Making Data from Data with dplyr::Mutate

There are many occasions when a column of data needs to be created from an already existing column for ease of data manipulation. For example, perhaps you have a body of text as a pathology report and you want to extract all the reports where the diagnosis is dysplasia. You could just subset the data using grepl so that you only get the reports that mention this word…but what if the data needs to be cleaned prior to subsetting like excluding reports where the diagnosis is normal but the phrase ‘No evidence of dysplasia’ is present. Or perhaps there are other manipulations needed prior to subsetting.

This is where data accordionisation is useful. This simply means the creation of data from (usually) a column into another column in the same dataframe.

The neatest way to do this is with the mutate function from the ‘dplyr’ package which is devoted to this. There are also other ways which I will demonstrate at the end.

The input data here will be an endoscopy data set:

Age<-sample(1:100, 130, replace=TRUE)
Dx<-sample(c("NDBE","LGD","HGD","IMC"), 130, replace = TRUE)
TimeOfEndoscopy<-sample(1:60, 130, replace=TRUE)


EMRdf<-data.frame(Age,Dx,TimeOfEndoscopy,stringsAsFactors=F)

Perhaps you need to calculate the number of hours spent doing each endoscopy rather than the number of minutes

EMRdftbb<-EMRdf%>%mutate(TimeOfEndoscopy/60)
#Just show the top 20 results
kable(head(EMRdftbb,20))

Age	Dx	TimeOfEndoscopy	TimeOfEndoscopy/60
64	LGD	40	0.6666667
17	HGD	60	1.0000000
96	IMC	43	0.7166667
41	LGD	13	0.2166667
15	NDBE	5	0.0833333
61	NDBE	13	0.2166667
10	HGD	41	0.6833333
28	LGD	42	0.7000000
79	NDBE	60	1.0000000
27	LGD	27	0.4500000
2	IMC	5	0.0833333
99	IMC	8	0.1333333
22	LGD	42	0.7000000
38	NDBE	3	0.0500000
37	HGD	2	0.0333333
64	LGD	15	0.2500000
51	LGD	14	0.2333333
71	NDBE	33	0.5500000
55	HGD	17	0.2833333
76	IMC	10	0.1666667

That is useful but what if you want to classify the amount of time spent doing each endoscopy as follows: <0.4 hours is too little time and >0.4 hours is too long.

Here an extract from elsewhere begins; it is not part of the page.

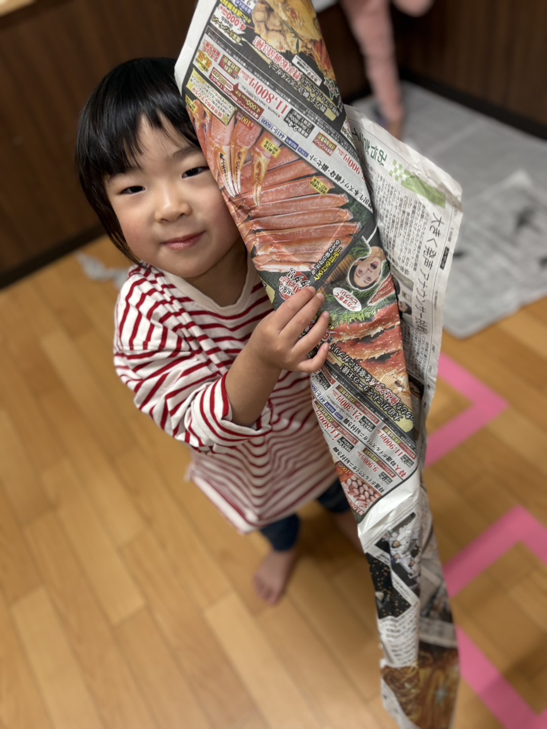 新聞紙で遊びました🗞

Using ifelse() with mutate for conditional accordionisation

For this we would use ifelse(). However this can be combined with mutate() so that the result gets put in another column as follows

EMRdf2<-EMRdf%>%mutate(TimeInHours=TimeOfEndoscopy/60)%>%mutate(TimeClassification = ifelse(TimeInHours>0.4, "Too Long", "Too Short"))
#Just show the top 20 results
kable(head(EMRdf2,20))

Age	Dx	TimeOfEndoscopy	TimeInHours	TimeClassification
64	LGD	40	0.6666667	Too Long
17	HGD	60	1.0000000	Too Long
96	IMC	43	0.7166667	Too Long
41	LGD	13	0.2166667	Too Short
15	NDBE	5	0.0833333	Too Short
61	NDBE	13	0.2166667	Too Short
10	HGD	41	0.6833333	Too Long
28	LGD	42	0.7000000	Too Long
79	NDBE	60	1.0000000	Too Long
27	LGD	27	0.4500000	Too Long
2	IMC	5	0.0833333	Too Short
99	IMC	8	0.1333333	Too Short
22	LGD	42	0.7000000	Too Long
38	NDBE	3	0.0500000	Too Short
37	HGD	2	0.0333333	Too Short
64	LGD	15	0.2500000	Too Short
51	LGD	14	0.2333333	Too Short
71	NDBE	33	0.5500000	Too Long
55	HGD	17	0.2833333	Too Short
76	IMC	10	0.1666667	Too Short

Note how we can chain the mutate() function together.

Using multiple ifelse()

What if we want to get more complex and put several classifiers in? We just use more ifelse’s:

EMRdf2<-EMRdf%>%mutate(TimeInHours=TimeOfEndoscopy/60)%>%mutate(TimeClassification = ifelse(TimeInHours>0.8, "Too Long", ifelse(TimeInHours<0.5,"Too Short",ifelse(TimeInHours>=0.5&TimeInHours<=0.8,"Just Right","N"))))
#Just show the top 20 results
kable(head(EMRdf2,20))

Age	Dx	TimeOfEndoscopy	TimeInHours	TimeClassification
64	LGD	40	0.6666667	Just Right
17	HGD	60	1.0000000	Too Long
96	IMC	43	0.7166667	Just Right
41	LGD	13	0.2166667	Too Short
15	NDBE	5	0.0833333	Too Short
61	NDBE	13	0.2166667	Too Short
10	HGD	41	0.6833333	Just Right
28	LGD	42	0.7000000	Just Right
79	NDBE	60	1.0000000	Too Long
27	LGD	27	0.4500000	Too Short
2	IMC	5	0.0833333	Too Short
99	IMC	8	0.1333333	Too Short
22	LGD	42	0.7000000	Just Right
38	NDBE	3	0.0500000	Too Short
37	HGD	2	0.0333333	Too Short
64	LGD	15	0.2500000	Too Short
51	LGD	14	0.2333333	Too Short
71	NDBE	33	0.5500000	Just Right
55	HGD	17	0.2833333	Too Short
76	IMC	10	0.1666667	Too Short

Using multiple ifelse() with grepl() or string_extract

Of course we need to extract information from text as well as numeric data. We can do this using grepl or string_extract from the library(stringr). We have used this before here so you may want to refresh yourself.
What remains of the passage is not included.